Currently, polymer composite materials (PCM) based on polypropylene (PP) with metal oxide fillers are widely used in technology. It is known that the introduction of a filler into a polymer leads to significant changes in its supramolecular structure. Furthermore, the properties of the interphase layer of composite influence all physical-mechanical, electro-physical, and thermo-physical characteristics. Due to the set of applicable properties polymer nanocomposite based on metal and polymer are the subjects of intensive research.^6–9 The widespread use of polymer micro- and nanocomposite materials in heat and power engineering requires a large amount of knowledge of their thermophysical properties. Polymeric materials are widely used in the manufacture of thermally-insulating or thermally-conductive materials. It becomes more necessary not only to bring the characteristic properties (elastic-strength, dielectric, crack resistance, etc.) of the polymer nanocomposites to the maximum possible values, but also to keep these properties in the widest possible temperature range under the influence of an electric field.

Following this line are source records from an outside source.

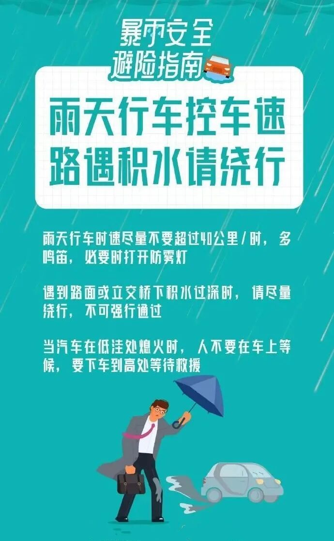 2.周末强降水易发多发,地质灾害、城市内涝和道路积水风险高,雨时应尽快远离河道、低洼易涝区等危险区域,尽量在室内暂避,减少不必要的户外活动和作业,绕开积水路段,注意出行安全。
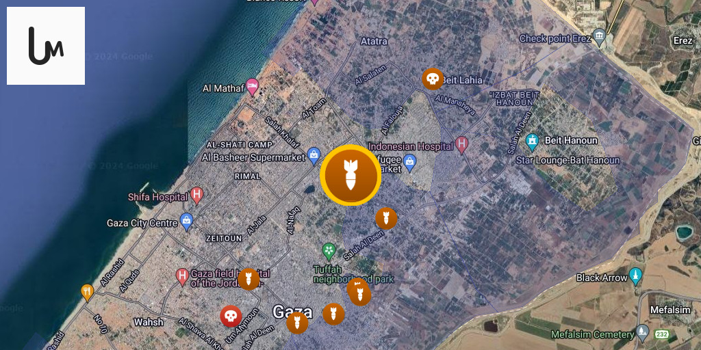 An airstrike targeted the vicinity of the Omari Mosque in Jabalia, north of Gaza.
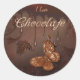 Yummy stickers features a rich melting edge of chocolate over a deep brown background of chocolate leaves and butterfly. Text says I Love Chocolate.
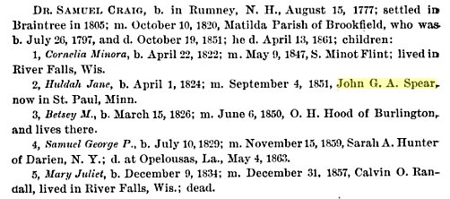 John married Huldah Jane Craig Sep 4, 1851, in Braintree, Vermont.
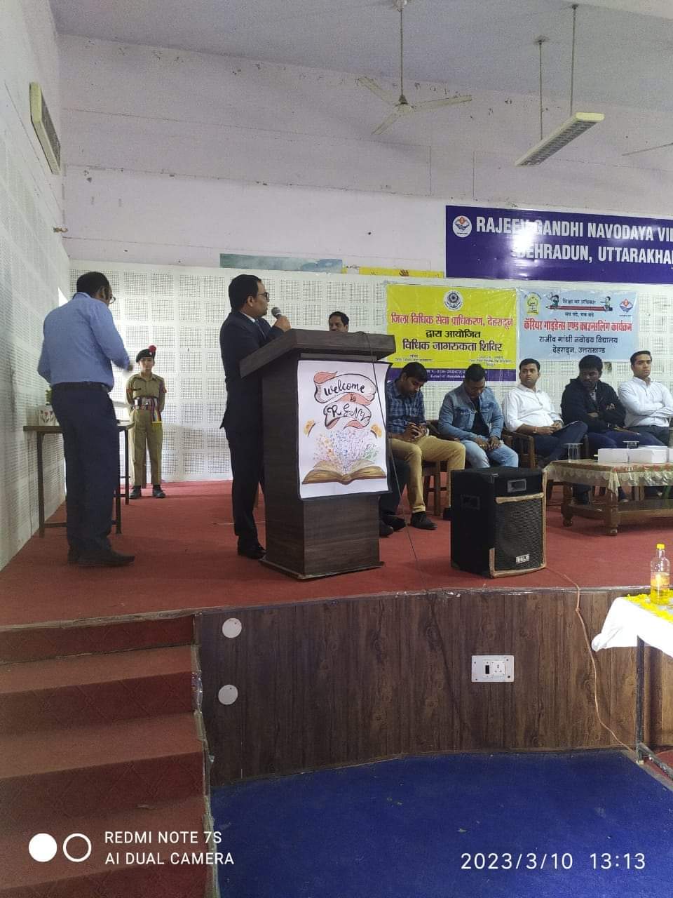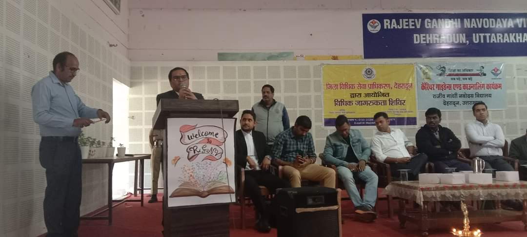 माननीय उत्तराखण्ड राज्य विधिक सेवा प्राधिकरण नैनीताल एवं मा० जिला न्यायाधीश/ मा० अध्यक्ष जिला विधिक सेवा प्राधिकरण, देहरादून के निर्देशानुसार जनपद देहरादून के राजीव गांधी नवोदय विद्यालय, नानूरखेड़ा, देहरादून में एक विधिक साक्षरता एवं जागरूकता शिविर का आयोजन किया गया।
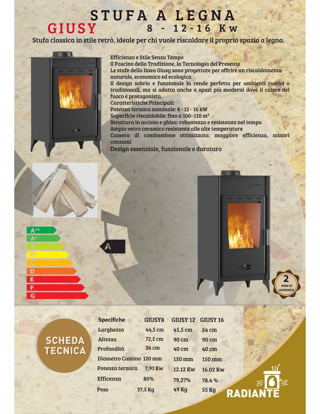 La stufa a legna classica Giusy da 16 kW è una scelta intramontabile per chi cerca potenza termica, semplicità e durata nel tempo. Caratterizzata da linee robuste e materiali resistenti, questa stufa è perfetta per ambienti rustici, case di campagna o abitazioni che puntano all’indipendenza energetica.
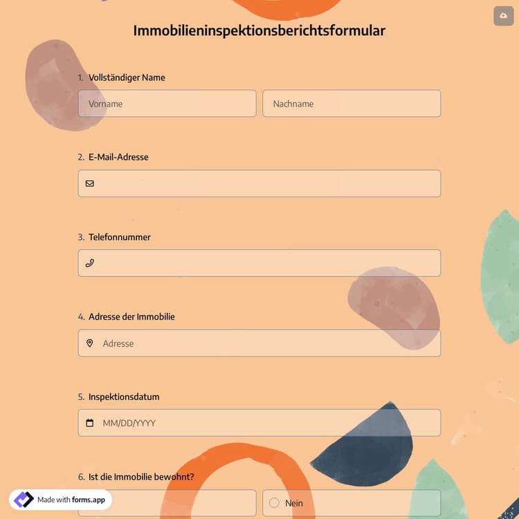 Die Inspektion von Immobilien kann eine Ihrer Aufgaben als Immobilienmakler sein, um Ihren Kunden einen transparenten und fairen Service anzubieten. Sie können unser kostenloses und benutzerfreundliches Modell für ein Online-Immobilieninspektionsformular verwenden, um diese Aufgabe zu vereinfachen. Keine Programmierkenntnisse erforderlich.

It is known that the DSC study of materials allows to obtain important information about the thermal properties of materials.^10,11 Free Gibbs energy, heat capacity, enthalpy and entropy in the materials can be calculated using this method.^12–15 This paper presents the results of DSC studies of the PP+ZrО₂ nanocomposite exposed and not exposed to the electric field effect. The work aims to establish patterns of change in the set of thermophysical properties depending on the applied electric field. Furthermore, it is possible to calculate also the temperatures of phase and relaxation transitions. Moreover, structural studies of the obtained samples were performed by X-ray diffraction analysis, which is one of the excellent techniques to study of structural properties of the materials.^16–20

Experimental

PP+ZrO₂ nanocomposites were prepared through the introduction of the ZrO₂ nanoparticles into the polymer matrix. ⁷ The size of the nanoparticles in the nanocomposites is about 20–30 nm. The nanocomposite samples were obtained by hot pressing method at the melting temperature of the PP polymer under a pressure of 15 MPa for 10 min. The thickness of the thin film is 70–100 μm. Melted nanocomposite sample was quenched into the ice-water liquid and cooled at the rate of 20deg/s. Sample was exposed to electro-thermal treatment at different values of the electric field strength. The composite is applied in a direct electric field, and polarized for 1 h in the field, after which, without removing the field, it is cooled to room temperature. A high-voltage rectifier is used as a voltage source.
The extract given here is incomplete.